REQUIREMENT → Print, in exact form, the lines below from the one containing "10 KG BALLASTS" through the one containing "Introducing chief guest", and omit all others.

=== DATA SHOWN ===

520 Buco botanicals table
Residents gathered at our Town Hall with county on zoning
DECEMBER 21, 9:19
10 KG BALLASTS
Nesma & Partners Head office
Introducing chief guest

===
=== DATA SHOWN ===

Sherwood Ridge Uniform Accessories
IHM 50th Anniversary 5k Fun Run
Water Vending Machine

===

RESPONSE BELOW →
10 KG BALLASTS
Nesma & Partners Head office
Introducing chief guest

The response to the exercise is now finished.